At first glance, the ad’s Web site may give the impression that the “we” referred to is a citizens’ group, but the “paid for by” attribution and site reveal that Collect the Tax New York is supported by Altria Client Services, Philip Morris’ parent company, and the New York Association of Convenience Stores – the arch enemies of Indian country cigarette retailers with whom the convenience stores compete.

But it wasn’t always that way, said Robert Hilburger, the director of business development for the Oneida Indian Nation.

Philip Morris, for more than a decade, encouraged and helped build up Native American cigarette sales by signing contracts with Indian retailers for preferential programs that would provide stores with racks, signage, special coupon sales, and “backside” payments for every carton of Marlboros sold, a strategy that is legal and widely practiced in the trade, Hilburger said.

“The reason they were so good to us is because they wanted low-priced product to get out to the public. Now they have utter disdain for the Native American retailers that helped them build to the point of monopoly they have today. We believe now that because their sales are being impacted by Native-manufactured cigarettes that are retailed through Native stores, they hope to knock us out of business altogether so they could increase their market share even more.”

Philip Morris’ attack ads are the latest volley in New York’s longstanding cigarette tax war with Indian nations. The state claims it’s losing millions or billions of dollars in “lost taxes,” while the nations say they are not responsible as sovereigns to collect state taxes.

The ads have riled Native retailers.

“If I had my choice, I’d never sell another Marlboro in my store again. Right now, they’re on the bottom shelf. I can’t support somebody that’s trying to put us out of business,” said Sally Snow, a Seneca businesswoman and chair of the Seneca Free Trade Association.

Snow said Philip Morris was clearly losing market share on the reservations because of the success of Indian manufactured cigarettes.

“I probably sell 10 to 1 Seneca cigarettes over Marlboros.”

Native-manufactured cigarettes have a cost advantage over Philip Morris products. Currently, Marlboros cost $65 a carton while Native-manufactured Niagara brand cigarettes cost $32 a carton.

Indian retailers can’t fight Philip Morris’ big bucks ad campaign, Snow said, “so we’re pretty much just trying to expose them for what they are and let people make up their own minds. We have a lot of face-to-face customers so we try to get to them through those transactions.”

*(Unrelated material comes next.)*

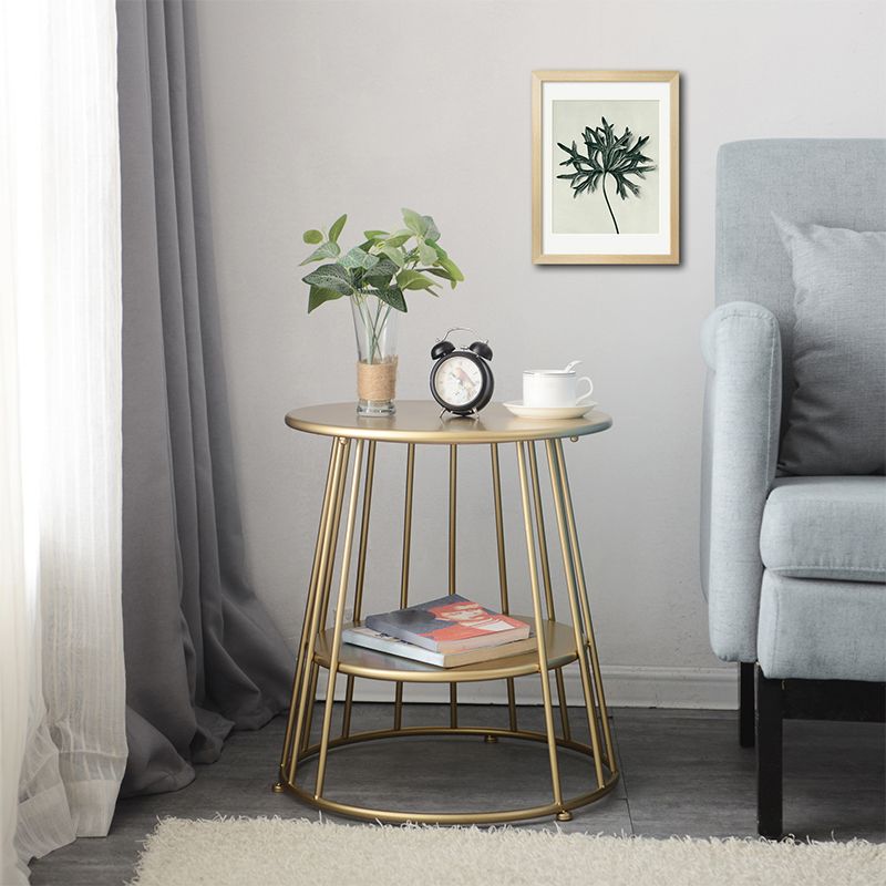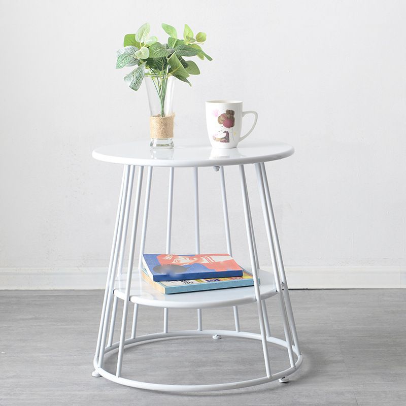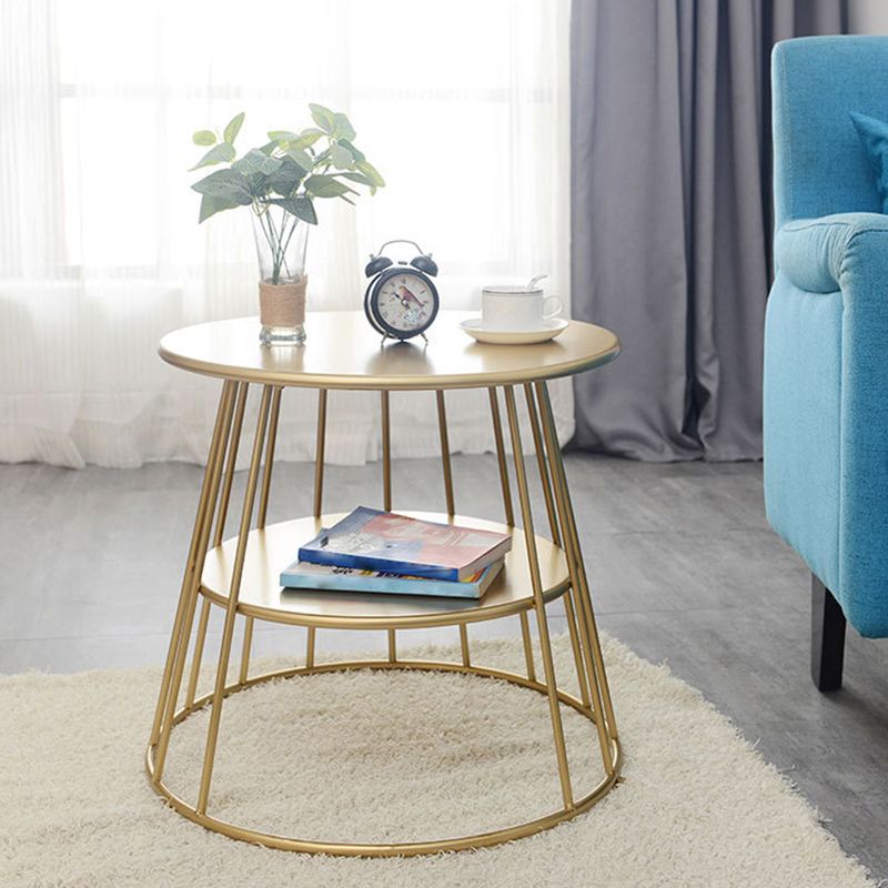 中世のモダンメタルテーブルラウンドトップフレームベースサイドテーブル付き棚

The Indian tobacco industry, which contributes hundreds of millions of dollars each year to the general economy directly and indirectly through jobs and tobacco industry-related businesses, is under siege right now.

Last year, President Barack Obama signed the Family Smoking Prevention and Tobacco Control Act, granting the Food and Drug Administration federal regulatory authority over tobacco products.

Last month, Obama signed the Prevent All Cigarette Trafficking Act, which bans cigarette deliveries through the U.S. Postal Service.

And last month, New York state posted new regulations that would effectively cut off supplies of untaxed cigarettes to Indian businesses, if enacted.

Altria Client Services spokesman David Sutton declined to confirm directly the widely held belief that the company wrote or helped write the FSOTCA and PACT Act legislation and instead referred to its Web site, which states that “Philip Morris USA actively supported” both pieces of legislation.

Both the FSOTCA and the PACT Act will hugely benefit the tobacco company. FSOTCA puts onerous demands on small manufacturers, such as requiring changes in the design and packaging of cigarettes and restrictions in advertising and promotions, among other things, that will be easily accommodated by big budget Philip Morris, but not by small manufacturers.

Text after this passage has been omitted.